The right workflow is hybrid. Use synthesis to bootstrap breadth. Seed the suite with production traces once you have them. Hand-curate high-priority regressions. Add cases for every incident, escalation, and embarrassing demo failure. Separate smoke tests from deep evals. Track model, prompt, tool-schema, and policy changes alongside eval results. And keep a small, stable “never regress this” set that reflects failures your team has actually suffered.

This applies even if you never touch Vertex AI. The practical pattern is portable: write datasets before granting autonomy, generate traces for each run, grade against explicit metrics, inspect failures before optimizing prompts, and compare regressions over time. If your agent cannot be evaluated, it cannot be responsibly delegated. “Experimental” is not a magic word that makes missing tests okay.

Google is selling the control plane underneath everyone’s coding assistant

The cross-tool positioning is the other subtle move. The agents-cli docs describe the project as a CLI and skill set that can turn coding assistants into experts at creating, evaluating, and deploying AI agents on Google Cloud. The docs name Gemini CLI, Claude Code, OpenAI Codex, Google Antigravity, and more. That is smart. Google is not pretending every developer will abandon their preferred coding assistant. It is offering an eval/deploy layer those assistants can call.

That is where the agent platform fight is heading. IDE ownership matters, but the durable value may live in the control plane: datasets, evals, traces, metrics, deployment, policy, observability, and failure analysis. A team may use Codex in the terminal, Claude Code in a repo, Gemini in a cloud workflow, and Antigravity for another surface. The platform that makes all those agents measurable and deployable has leverage.

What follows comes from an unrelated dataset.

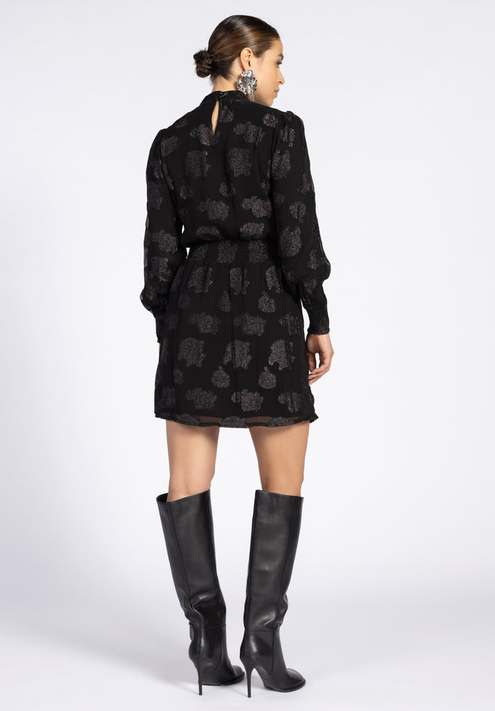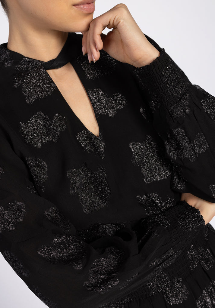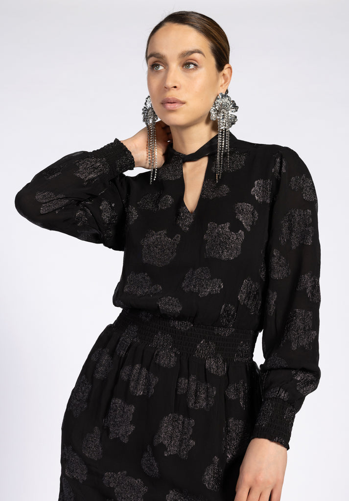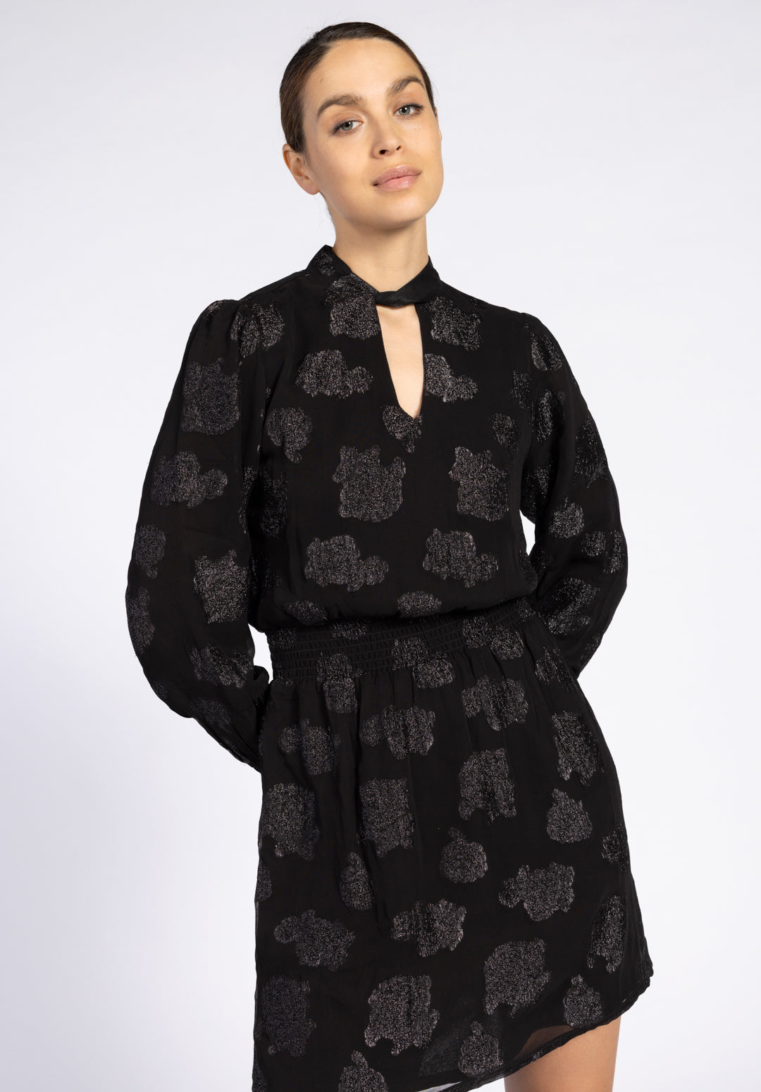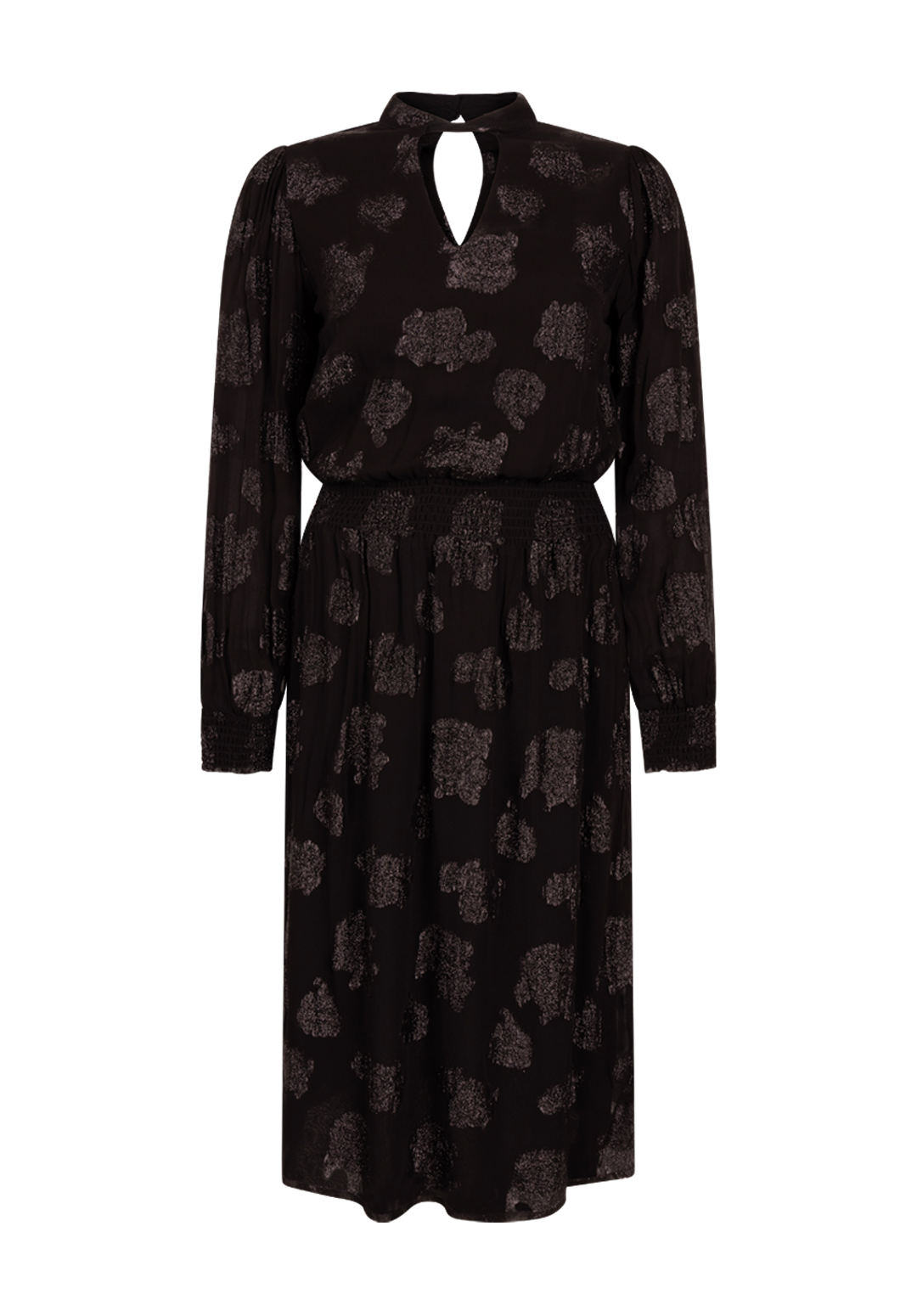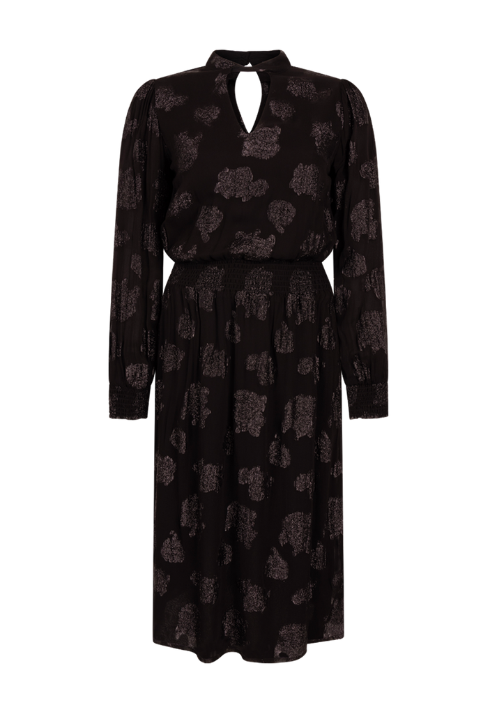 Gabry is een midi-jurk met een subtiele glitterprint die net genoeg sparkle toevoegt voor een day-to-night look. De keyhole halslijn en gesmokte taille zorgen voor een vrouwelijke silhouet, terwijl de luchtige stof mooi met je meebeweegt. Combineer met laarzen voor een casual touch of met heels naar een dinner date.

For practitioners, the takeaway is immediate. Do not build an agent and then ask how to test it. Start with the eval loop. Define the tasks the agent is allowed to perform. Capture representative conversations. Decide which metrics matter: correctness, tool accuracy, policy compliance, latency, cost, citation quality, escalation behavior, or patch quality. Add failure-mode analysis before prompt optimization, because optimizing the wrong prompt against the wrong metric is just automated self-deception.

agents-cli v0.3.0 will not get the loudest Hacker News thread. Fine. The loudest agent demos rarely include the regression suite. This release is a reminder that the winning agent stacks will not be the ones with the fanciest first answer. They will be the ones that make failure measurable before deployment.